Dependence of Axioms of Equivalence Relation?
Part 1. Here's an example of a relation that is symmetric and transitive, but not reflexive.
The set is $X=\{1,2,3\}$. The relation is $$R = \Bigl\{ (2,2),\ (2,3),\ (3,2),\ (3,3)\Bigr\}.$$ Verify that $R$ is symmetric and transitive. Verify that $R$ is not reflexive. Then try to see why the alleged proof fails in this example. Use that to explain where the fallacy in the proof lies. It does not lie in taking $c$ equal to $a$.
Part 2. Think about what the fallacy is in the proof you are given; what extra hypothesis on $\sim$ would make the argument correct? The argument is fallacious because it assumes that something happens, when you have no warrant for asserting it will happen. So try to come up with some hypothesis that will guarantee this happens.
For the first part: The "proof" assumes that for $a$ there is a $b$ such that $a\sim b$. This of course is not necessarily given. The empty relation i.e. for no $a,b$ we have $a\sim b$ is transitive, symmetric but not reflexive. (This example seems to many students not very explanatory although it is the simplest example of this situation. See the example of Arturo Magidin if that helps.)
For the second part: I think the book might ask for something like this.
Prop 1': For any $a$, for which there is any $b$ such that $a\sim b$, we also have $a\sim a$.
This might seem to be an weird property, but we could also take "suffices Prop 2 and Prop 3", which wouldn't make much more sense.
Or as Arturo Magidin suggested
Prop 1'': For any $a$, there is a $b$ such that $a\sim b$
together with Prop 2 and Prop 3 implies Prop 1.
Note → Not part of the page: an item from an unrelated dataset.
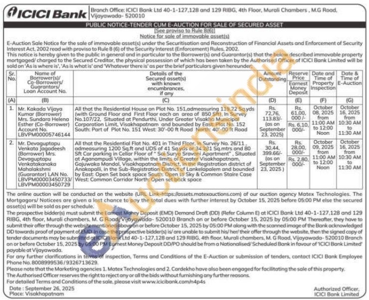 1) All that the Residential House on Plot No. 151.odmeasuring 119.22 Sqyds (with Ground Floor and First Floor each an area of 850 Sft), In Survey No. 107/22, Situated at Pendurthi, Under Greater Visakha Municipal Corporation Limit, Visakhapatnam and bounded by East: Plot No. 152 South: Part of Plot No. 151 West: 30-00 ft Road North: 40-00 ft Road

There is no difficulty in supplying a "Prop. $0$" strictly weaker than Prop. $1$ such that Prop. $0$ and Props. $2$ and $3$ imply the current Prop. $1$. Just say that for any $x$ there is a $y$ such that $x \sim y$. (Of course that $y$ might be $x$ itself.) Then Prop. $0$, together with $2$ and $3$, imply Prop. $1$. Thus Prop. $0$, $2$, and $3$ give an alternate axiomatization. Perhaps this is the intended answer. Or not.